ACTION ITEM: Find the line in the entries below that contains "晨曦中的木梨硔村景色(9月1". Repeat it exactly, and every line after it through the line that contains "Гарнитура получила Micro-OLED".

EXERCISE DATA:
⁂

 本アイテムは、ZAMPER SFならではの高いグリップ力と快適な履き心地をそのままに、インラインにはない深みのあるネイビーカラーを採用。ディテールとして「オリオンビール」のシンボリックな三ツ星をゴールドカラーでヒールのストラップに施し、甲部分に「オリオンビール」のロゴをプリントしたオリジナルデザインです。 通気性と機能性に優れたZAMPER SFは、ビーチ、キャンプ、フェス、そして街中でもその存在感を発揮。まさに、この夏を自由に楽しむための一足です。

⁂

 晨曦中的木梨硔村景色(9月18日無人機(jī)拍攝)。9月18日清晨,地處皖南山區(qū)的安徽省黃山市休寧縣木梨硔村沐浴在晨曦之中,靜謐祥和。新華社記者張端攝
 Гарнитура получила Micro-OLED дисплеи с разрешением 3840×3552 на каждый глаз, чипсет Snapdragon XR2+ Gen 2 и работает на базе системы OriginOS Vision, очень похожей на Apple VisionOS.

⁂

WORKED SOLUTION:
 晨曦中的木梨硔村景色(9月18日無人機(jī)拍攝)。9月18日清晨,地處皖南山區(qū)的安徽省黃山市休寧縣木梨硔村沐浴在晨曦之中,靜謐祥和。新華社記者張端攝
 Гарнитура получила Micro-OLED дисплеи с разрешением 3840×3552 на каждый глаз, чипсет Snapdragon XR2+ Gen 2 и работает на базе системы OriginOS Vision, очень похожей на Apple VisionOS.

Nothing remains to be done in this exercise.